Return the lines of the listing below exactly as they appear, beginning at the one with "1体、ダンジョン鍵 150個 |" and stopping after the one with "- ASUS ROG Strix"; do not include pictures.

■ **EXERCISE INPUT**:
----
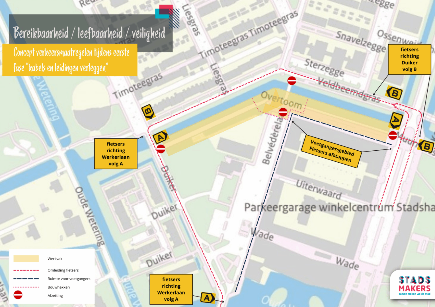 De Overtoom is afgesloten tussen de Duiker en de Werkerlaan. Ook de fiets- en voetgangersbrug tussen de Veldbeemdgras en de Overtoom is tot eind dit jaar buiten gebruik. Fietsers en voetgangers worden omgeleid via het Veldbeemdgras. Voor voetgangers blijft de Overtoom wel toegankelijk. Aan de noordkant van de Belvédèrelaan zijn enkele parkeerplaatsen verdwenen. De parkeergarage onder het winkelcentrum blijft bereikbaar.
----
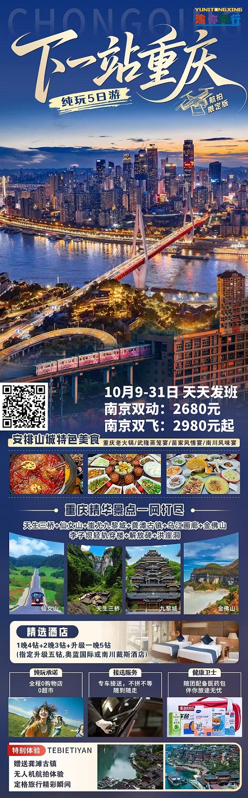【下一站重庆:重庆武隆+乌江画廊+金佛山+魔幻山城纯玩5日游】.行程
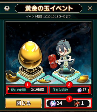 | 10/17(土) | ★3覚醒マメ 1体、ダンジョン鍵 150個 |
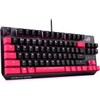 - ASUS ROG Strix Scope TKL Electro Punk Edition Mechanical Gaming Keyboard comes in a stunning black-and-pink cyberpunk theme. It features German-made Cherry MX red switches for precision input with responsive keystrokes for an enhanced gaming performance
----
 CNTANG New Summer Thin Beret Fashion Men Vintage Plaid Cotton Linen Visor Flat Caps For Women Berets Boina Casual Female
----
■ **SOLUTION**:
 | 10/17(土) | ★3覚醒マメ 1体、ダンジョン鍵 150個 |
 - ASUS ROG Strix Scope TKL Electro Punk Edition Mechanical Gaming Keyboard comes in a stunning black-and-pink cyberpunk theme. It features German-made Cherry MX red switches for precision input with responsive keystrokes for an enhanced gaming performance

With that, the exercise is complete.